What you are saying bring's back memories for me!! I went through the same kind of mess. Get out, or it will eat at you till you quit for good. It is not the style that is the problem, it is the chief instructor and other's who follow his lead!   Good luck, and keep us posted.      Mithios


----------



## psi_radar (Jan 25, 2004)

Umm. Is Tang Soo Do considered Karate? TSD is a Korean art. Karate refers to those of Japanese origin. Koreans hate the Japanese. Either you're using very general terms, which I doubt you would if you're a blue belt, or something's up. I smell a troll.

Edited for grammar.


----------



## Rich Parsons (Jan 25, 2004)

> _Originally posted by psi_radar _
> *Umm. Is Tang Soo Do considered Karate? TSD is a Korean art. Karate refers to those of Japanese origin. Koreans hate the Japanese. Either you're using very general terms, which I doubt you would if you're a blue belt, or something's up. I smell a troll.
> 
> Edited for grammar. *



Maybe, Maybe not

Sometimes, in the English language, we absorb a word, and modify the meaning also at the same times. Karate is not a specific art to most Americans, it is a generic term used by millions to represent some for of martial art.

:asian:


----------



## Makalakumu (Jan 25, 2004)

> _Originally posted by psi_radar _
> *Umm. Is Tang Soo Do considered Karate? TSD is a Korean art. Karate refers to those of Japanese origin.*



TSD is a Korean art with lots of kicking, yet heavily influence with kung fu and taught very much in a Japanese style.  Calling it Karate, Kung Fu, or Subak is appropriate in a sense, but fails to describe everything.


----------



## Tae Kwon Doughboy (Jan 25, 2004)

Like Mithios said. This brings back memories. I was in the same situation and I switched to another martial art before I despised martial arts in general and quit for good. I believe the teachers have more to do with a student's success than the martial art chosen. I live in a rural area and have fewer options for training.

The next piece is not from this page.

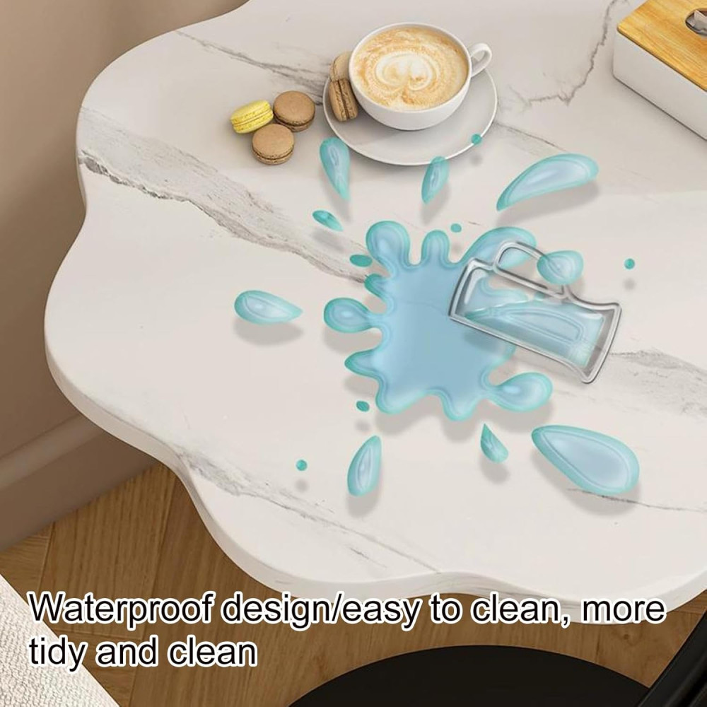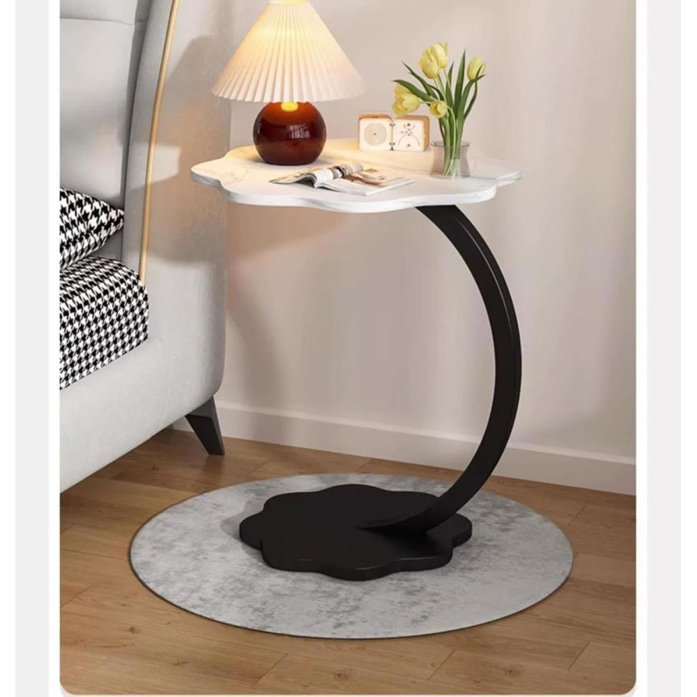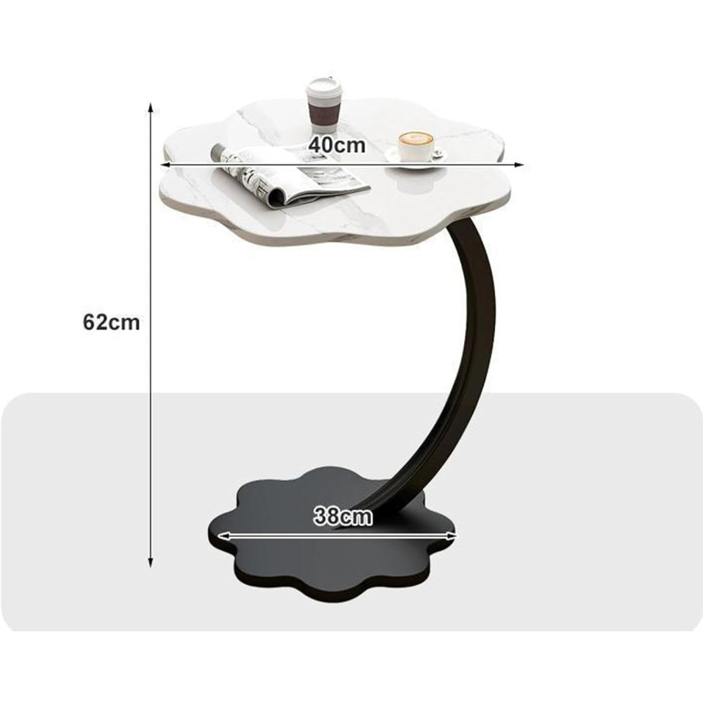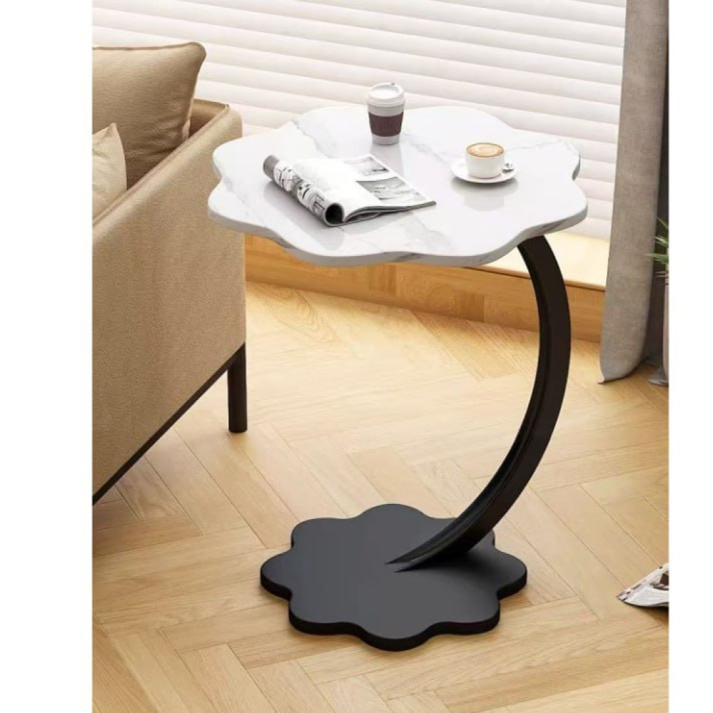 Приставной журнальный столик 64228, часто называемый «столиком-облаком» или «столиком в форме цветка» из-за характерной формы столешницы и основания, сочетает стильный дизайн и функциональность. Благодаря С-образной металлической опоре столик удобно приставлять к дивану или кровати, экономя пространство
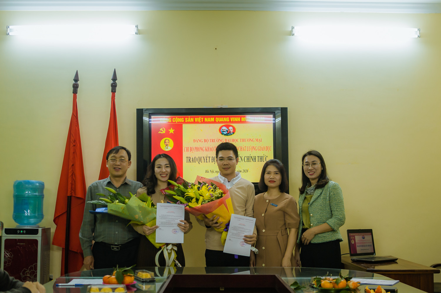 Cùng ngày, đồng chí Nguyễn Đức Nhuận, Bí thư Chi bộ thay mặt chi bộ phòng cũng đã tổ chức Lễ trao quyết định Công nhận đảng viên chính thức của Đảng ủy trường Đại học Thương mại cho hai đảng viên dự bị Nguyễn Trung Hải và Đặng Thị Hải Hằng.

I innitially chose SooBahkDo because it was close, eight miles away. The instructor put more inphasis on martial than art and taught by correcting rather than teaching. I stayed for four months and had a 50% chance of leaving class frustrated. We were discouraged from asking questions etc. We were expected to do more advanced combinations without knowing the individual moves. The best way to describe the class in general was sullen.

Unfortunately the result was disrespect for the instructor. I found out later from another adult that if I had started out in the children's class, like she did with her son, I would have been taught the basics. Imagine that, you have to be a kid to get the basics!

Again, it depends on the instructor. Fortunately, when traveling during those four months, I attended another SooBahkDo class. It was wonderful. It was obvious that the students were glad to be there and respected their instructor. And the instructor respected the students. I think I learned as much of the basics in those two classes than in all of the others combined.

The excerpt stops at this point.